Yes, let us all hail diversity and insist that it be applied across the board. Cannot California find a senior elected leader other than Dianne Feinstein, Barbara Boxer, and Nancy Pelosi? How diverse, given California’s trumpeted diversity, are three elderly multimillionaire women, with hyper-capitalist spouses, who live within commuting distance of each other in the Bay Area? Should the United States Postal service base correct its current labor profile by hiring in accordance with ethnic percentages within the population? Should Asians depart from UC Berkeley so more whites, blacks, and Latinos might enroll commensurately with their percentages in the population? Should the NFL have quotas for non-African-Americans, to give others a chance — to paraphrase Kanye West — to have insider contacts to land such lucrative athletic billets? How many Asians are on the L.A. Lakers versus the size of the Asian community in L.A. County? Have the military casualties of the last decade in Afghanistan and Iraq been computed to ensure that all groups suffered commensurately? Just when or when do we not insist on proportional representation based on ethnicity? Are the heads of Hollywood studios reflective of the rich diversity of California? And if we are going down the diversity and fairness routes, then surely Al Gore needs a sermon — after he unloaded a failed network to an anti-Semitic, carbon-burning medieval sheikdom, in failed efforts to beat the new capital gains tax that he so strenuously supported. How fair, how egalitarian, how diverse is all that? What is the ethnic profile of Sierra Club membership?

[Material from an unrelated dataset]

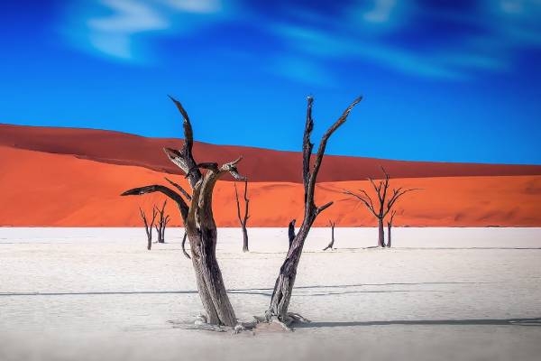 Genießen Sie Ihren Aufenthalt in einem luxuriösen Rückzugsort in der Wüste mit spannenden Aktivitäten, die die von Ihrer Lodge angeboten werden. Dazu gehören u.a. am Morgen geführte Fahrten zu den spektakulären orangefarbenen Sanddünen von Sossusvlei (UNESCO-Weltnaturerbe) in der Namib-Wüste, die zu den höchsten der Welt zählen, sowie zur Salztonpfanne Dead Vlei, eine lebensfeindliche aber dennoch atemberaubend schöne Landschaft mit toten Baumstümpfen – ein Traum für jeden Fotografen!

In 2014 Republicans are going to be kamikazeed by very wealthy, highly educated, and relentless operatives in the Boston-New York-Washington, D.C., nexus, with backup from the San Diego to San Francisco bookend coastal corridor. These critics mostly rest at the top of the capitalist heap, and will assail those who are not, on grounds that they are unfair to every hyphenated group in America.
To survive, Republicans must go on the offensive and point out that their accusers never live the lives they advocate for others. Liberal feminists seem to be John Edwards and Bill Clinton. Liberal men of the people are Al Gore, John Kerry, and Jon Corzine. Their populists who deplore outsourcing, offshore accounts, and non-unions are Apple and Facebook grandees who embrace all three. White privilege is not the fate of the West Virginian or West Texan working at Target, but the tiny, inbred old-boy and old-girl world of prep-school to Ivy League to the insider pull of Dad and Mom to land up with a phoned-in job in journalism, politics, finance, entertainment, the arts, and academia on the East and West coasts, followed by pro forma praise of diversity — for others. Open-borders zealots have their children behind the walls of private academies.
Surely there is a populist case to be made — or is the Republican establishment to manage a permanent, sober, and judicious out-party, as it is demagogued to death by the privileged?